Join the DZone community and get the full member experience.
Join For Freehttp/1.x vs http/2
first, let's look at some of the high-level differences:
http/2 is binary, instead of textual
binary protocols are more efficient to parse, more compact "on the wire," and, most importantly, they are much less error-prone compared to textual protocols like http/1.x, because they often have a number of affordances to "help" with things like whitespace handling, capitalization, line endings, blank lines, and so on.
for example, http/1.1 defines four different ways to parse a message; in http/2 , there's just one code path.
http/2 is fully multiplexed, instead of ordered and blocking
http/1.x has a problem called "head-of-line blocking," where effectively only one request can be outstanding on a connection at a time.
http/1.1 tried to fix this with pipelining, but it didn't completely address the problem (a large or slow response can still block others behind it). additionally, pipelining has been found very difficult to deploy, because many intermediaries and servers don't process it correctly.
this forces clients to use a number of heuristics (often guessing) to determine what requests to put on which connection to the origin and when; since it's common for a page to load 10 times (or more) the number of available connections, this can severely impact performance, often resulting in a "waterfall" of blocked requests.
multiplexing addresses these problems by allowing multiple request and response messages to be in flight at the same time; it's even possible to intermingle parts of one message with another on the wire.
this, in turn, allows a client to use just one connection per origin to load a page.
http/2 can use one connection for parallelism
with http/1, browsers open between four and eight connections per origin. since many sites use multiple origins, this could mean that a single page load opens more than thirty connections.
one application opening so many connections simultaneously breaks a lot of the assumptions that tcp was built upon; since each connection will start a flood of data in the response, there's a real risk that buffers in the intervening network will overflow, causing a congestion event and retransmits.

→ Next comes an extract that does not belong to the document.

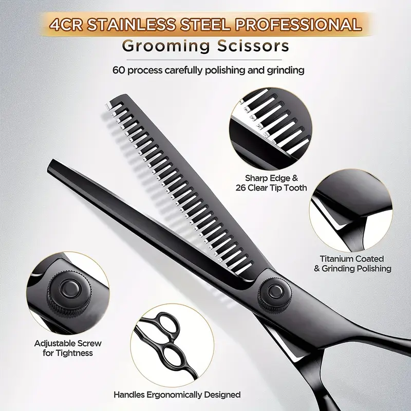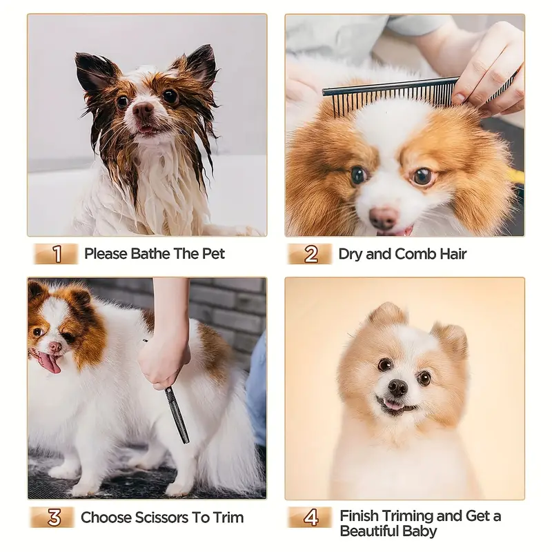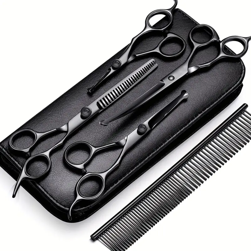 Keep your pet looking their best with the Professional 6-in-1 Pet Grooming Scissors Set! This high-quality set is designed for both dogs 🐶 and cats 🐱, featuring durable stainless steel shears for safe, precise grooming:

you can see a demo of how http/2 is working here: https://http2.akamai.com/demo
additionally, using so many connections unfairly monopolizes network resources, "stealing" them from other, better-behaved applications (e.g., voip).
http/2 uses header compression to reduce overhead
if you assume that a page has about 80 assets (which is conservative in today's web), and each request has 1400 bytes of headers (again, not uncommon, thanks to cookies, referer, etc.), it takes at least 7-8 round trips to get the headers out "on the wire." that's not counting response time - that's just to get them out of the client.
this is because of tcp's slow start mechanism , which paces packets out on new connections based on how many packets have been acknowledged - effectively limiting the number of packets that can be sent for the first few round trips.
in comparison, even a mild compression on headers allows those requests to get onto the wire within one roundtrip - perhaps even one packet.
this overhead is considerable, especially when you consider the impact upon mobile clients, which typically see round-trip latency of several hundred milliseconds, even under good conditions.
http/2 allows servers to "push" responses proactively into client caches
when a browser requests a page, the server sends the html in the response and then needs to wait for the browser to parse the html and issue requests for all of the embedded assets before it can start sending the javascript, images, and css.
server push potentially allows the server to avoid this round trip of delay by "pushing" the responses it thinks the client will need into its cache.
however, pushing responses is not "magical" - if used incorrectly, it can harm performance. for now, many are still will continue to work with webhooks .
how does this affect the existing rest apis built on http/1.1?
the main semantic of http has been retained in http/2. this means that it still has http methods such as
get
,
post
,
http headers
, and
uris
to identify resources.
what has changed in http/2 with respect to http/1.1 is the way the http semantic (e.g. "i want to put resource /foo on host domain.com") is transported over the wire. this means that rest apis built on http/1.1 will continue to work transparently as before, with no changes to be made to applications .
the web container that runs the applications will take care of translating the new wire format into the usual http semantic on behalf of the applications, and the application just sees the higher level http semantic, no matter if it was transported via http/1.1 or http/2 over the wire.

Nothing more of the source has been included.